_Exercise details_.
So that the copy stays text only, transcribe the data below exactly and exclude the images.

_Dataset extract_.
○ ○ ○ ○ ○

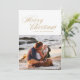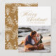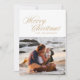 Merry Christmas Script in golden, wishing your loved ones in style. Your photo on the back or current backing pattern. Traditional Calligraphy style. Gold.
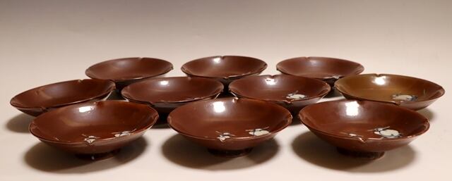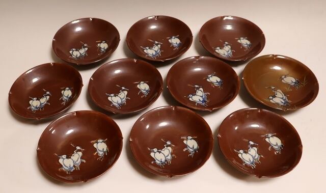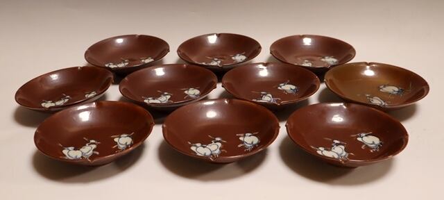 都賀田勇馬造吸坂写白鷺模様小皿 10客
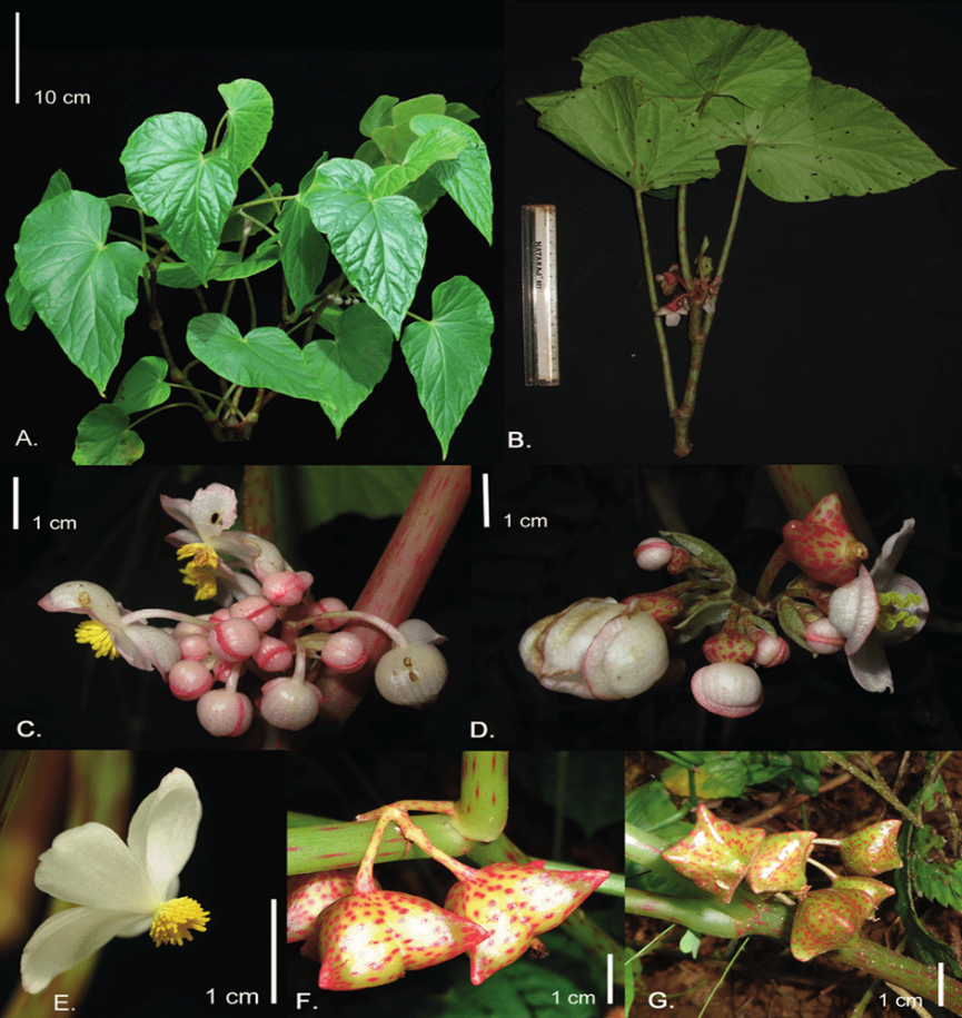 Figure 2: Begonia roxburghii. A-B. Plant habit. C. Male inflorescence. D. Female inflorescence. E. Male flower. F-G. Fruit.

○ ○ ○ ○ ○

_Answer section_.
 Merry Christmas Script in golden, wishing your loved ones in style. Your photo on the back or current backing pattern. Traditional Calligraphy style. Gold.
 都賀田勇馬造吸坂写白鷺模様小皿 10客
 Figure 2: Begonia roxburghii. A-B. Plant habit. C. Male inflorescence. D. Female inflorescence. E. Male flower. F-G. Fruit.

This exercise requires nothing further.